= Charles Reginald Dodwell =

British art historian (1922–1994)

Charles Reginald Dodwell (3 February 1922 – 22 April 1994) was a British art historian who specialized in the period covering the years 800-1200.

==Early life==
Dodwell was born in Cheltenham on 3 February 1922. He was admitted to Gonville and Caius College, Cambridge, where he specialized in history. His academic studies were interrupted by the outbreak of World War II. He served in the Royal Navy from 1941 to 1945, although he suffered from sea-sickness. Initially serving as a mine-sweeper in the British home waters, he later took part in both the Allied invasion of Sicily and the Normandy landings.

==Academic career==
After the end of the war, Dodwell returned to Cambridge to complete his studies under Philip Grierson. He specialized in medieval art history, particularly in illuminated manuscripts. In 1949, he was made a senior research fellow of the Warburg Institute, which had been relocated a few years earlier from Hamburg to London. In 1953, he was chosen by Archbishop Geoffrey Fisher for the prestigious position of librarian-archivist of Lambeth Palace Library, despite having no formal librarian's qualifications. In this position, Dodwell assisted with the careful transfer of the contents of the library (heavily damaged during the war) to proper repositories. In 1958, he became a lecturer and librarian at Trinity College, Cambridge, and in 1966 he obtained a professorship at Manchester University. He held this position for 23 years. He was elected a Fellow of the British Academy in 1973.

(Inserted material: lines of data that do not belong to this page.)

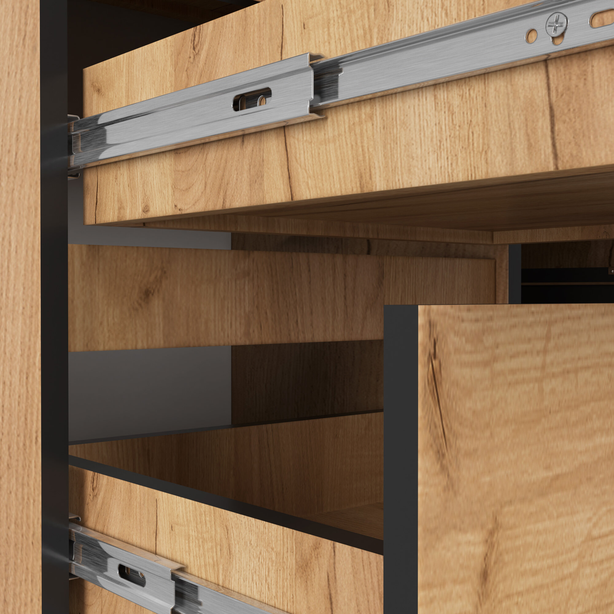 Biurko narożne B20 to idealne rozwiązanie do biura, domowego gabinetu lub pokoju nastolatka. Z nowoczesnym designem i funkcjonalnym układem, oferuje dużą przestrzeń do przechowywania dzięki trzem szufladom, zamykanej szafce, czterem półkom oraz obszernemu blatowi. Narożne biurko umożliwia wygodną organizację dokumentów, akcesoriów biurowych i sprzętu elektronicznego. Wykonane z laminowanej płyty o grubości 16 mm (Kronospan), biurko charakteryzuje się trwałością i odpornością na ścieranie. Krawędzie zabezpieczono obrzeżem ABS, co zwiększa odporność na uszkodzenia mechaniczne. Szuflady poruszają się płynnie na metalowych prowadnicach wysokiej jakości, co zapewnia wygodę użytkowania. Model dostępny jest w wersji lewej i prawej, co pozwala dostosować go do układu pomieszczenia. Narożne biurko AKORD B20 doskonale sprawdzi się w różnorodnych wnętrzach, łącząc praktyczność z estetyką. Biurko to ważny element każdego domowego biura. Zapewnia komfort pracy, nauki i rozrywki, co jest istotne dla osób spędzających przy nim dużo czasu. Dobrze skonstruowane biurko powinno być ergonomiczne, funkcjonalne i estetyczne, a także wykonane z trwałych materiałów odpornych na codzienne użytkowanie. Biurka AKORD łączą wygodę i styl, oferując prosty, a jednocześnie nowoczesny design, który pasuje do każdego wnętrza. Dzięki przemyślanemu wykonaniu doskonale odpowiadają na potrzeby użytkowników, zapewniając satysfakcję przez wiele lat. To idealne rozwiązanie dla osób ceniących trwałość i elegancję w jednym.
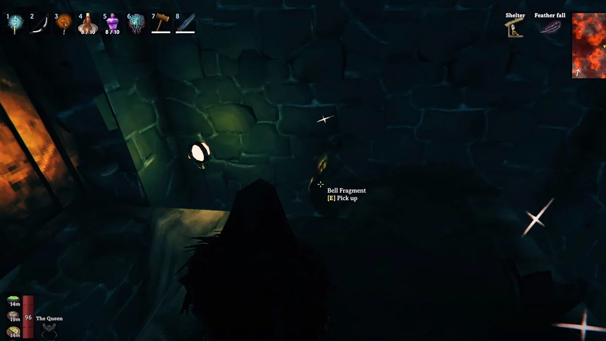 - Постройте осадное орудие и штурмуйте обугленные крепости. В них вам нужно найти девять фрагментов колокола. Потребуется обчистить как минимум три таких замка. Там же нужно отыскать Изумрудное пламя Вегвизира, чтобы найти путь к арене с боссом.
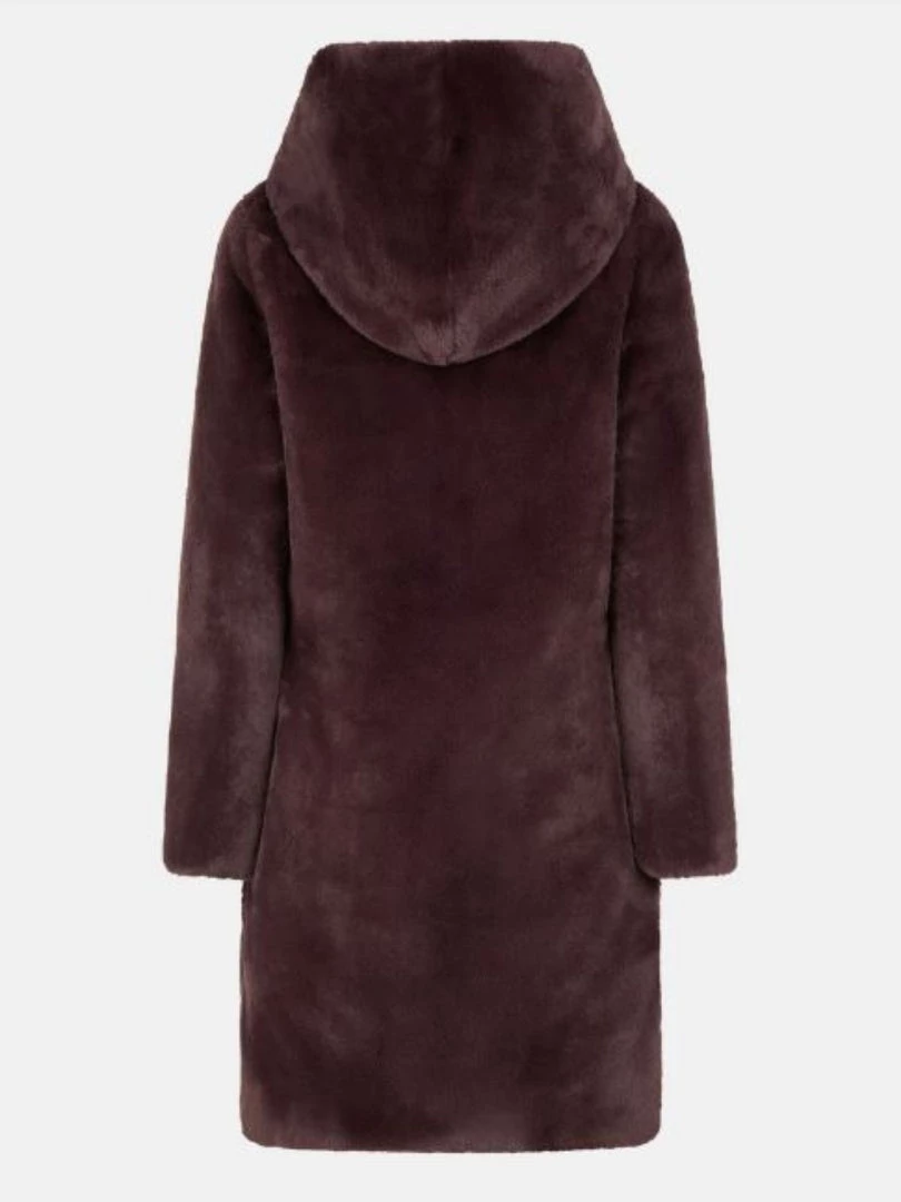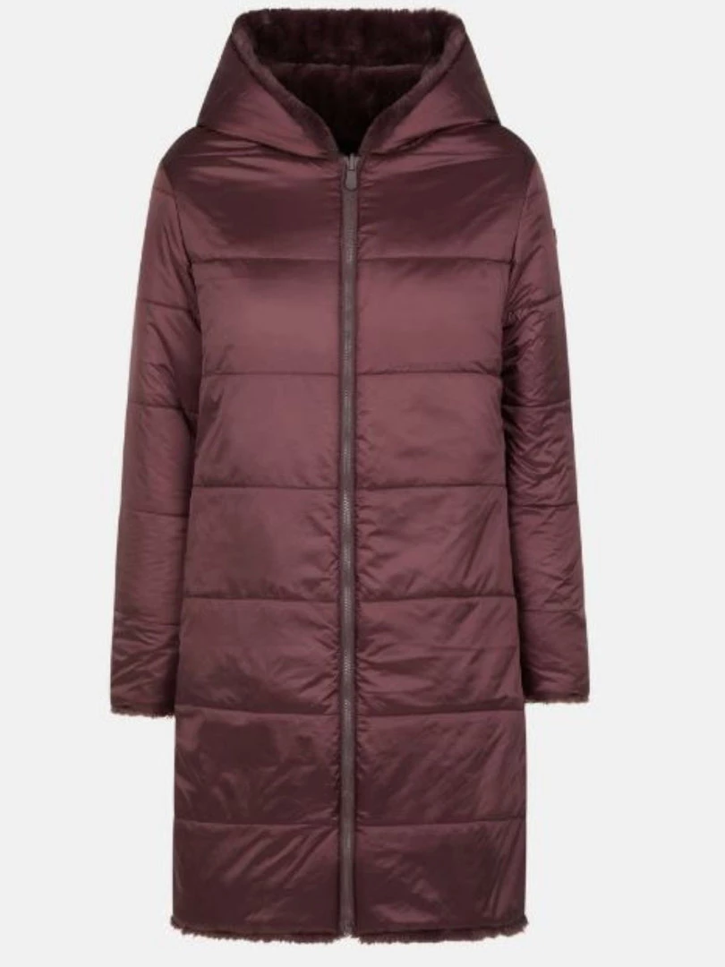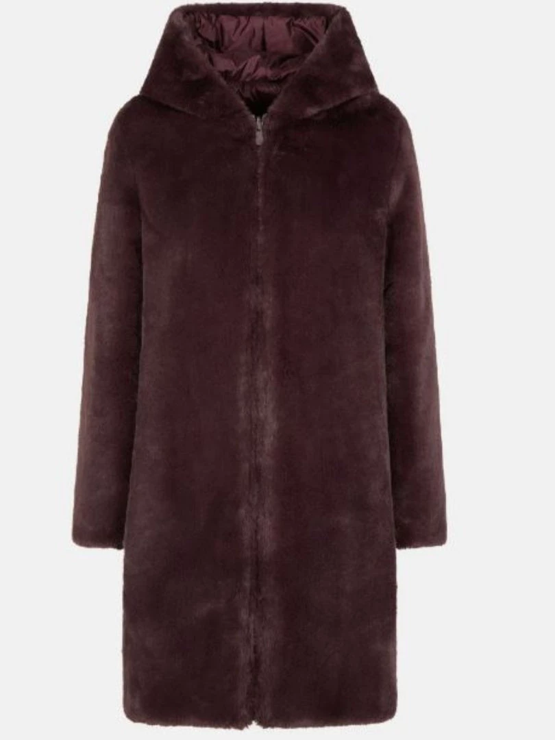 A long, reversible coat in mixed material of faux fur and 100% recycled polyester. The quilted side is made of IRIS fabric with an iridescent shine while the non-quilted side is made of 100% recycled polyester soft touch faux fur. Equipped with a hood, a central double slider zip and two side pockets with zips. The coat is finished with a tonal logo on the quilted side.
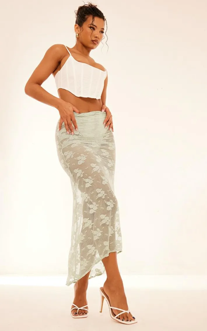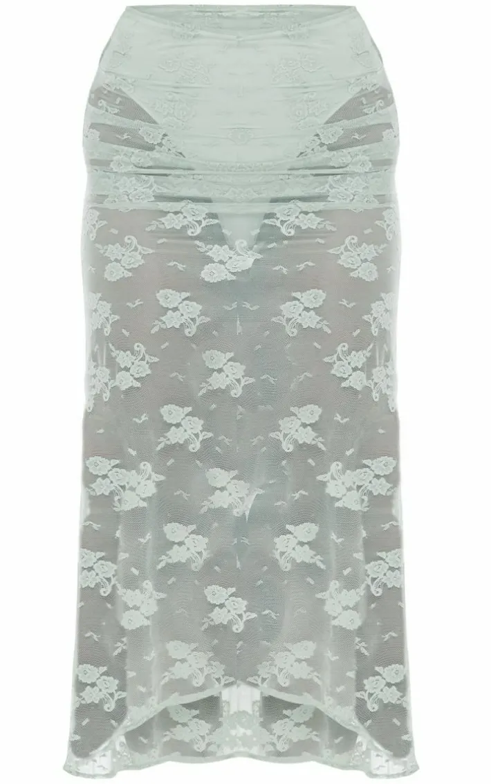We can’t get enough of this dreamy mint floral lace panties insert handkerchief hem maxi skirt , you’re sure to be earning all the compliments. This skirt features a mint floral lace material with a panties insert and a handkerchief hem, you won’t be able to resist. Simply style this lace skirt with a corset top, heels and gold hoop earrings to create a look everyone will want.
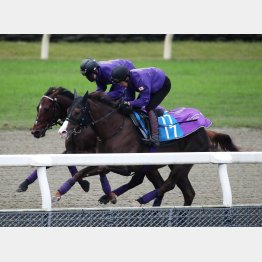 今週はポリトラックで助手が騎乗。道中は前肢を強くかき込むドウデュースらしいフォームだ。僚馬を1馬身前に見ながら3F標付近で内から並びかけると、最後まで無理せずにフィニッシュして5F69秒2―39秒5、1F11秒7。
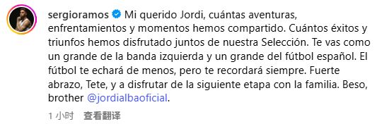 拉莫斯社媒写道:“我亲爱的约迪,我们一起经历了多少冒险、对抗以及精彩的时刻。 我们一起在国家队经历了多少胜利和荣誉。 足球世界会想念你,而且永远会记得你。我想好好拥抱你,和家人一起享受人生的下一个阶段吧。吻你,兄弟。”

During his long career, Dodwell published several notable works. In 1954 he published The Canterbury School of Illumination 1066-1200, considered to be the first significant post-war publication on English medieval art. In another publication, he advanced the view (not widely accepted by other scholars) that the Reichenau manuscripts were actually created at Trier and Lorsch.

==Later life==
In 1988, Dodwell suffered a stroke that left him partially blind. Despite his declining health, he continued in active research and publication. He resigned his position as professor in 1989, and with his wife moved to Taunton, where he remained until his death in 1994. His final work, Anglo-Saxon Gestures and the Roman Stage, was published posthumously. His friends and colleagues published Medieval Art: Recent Perspectives as a memorial to Dodwell, including recognition of his work in the restoration of the Lambeth Palace Library during his tenure there.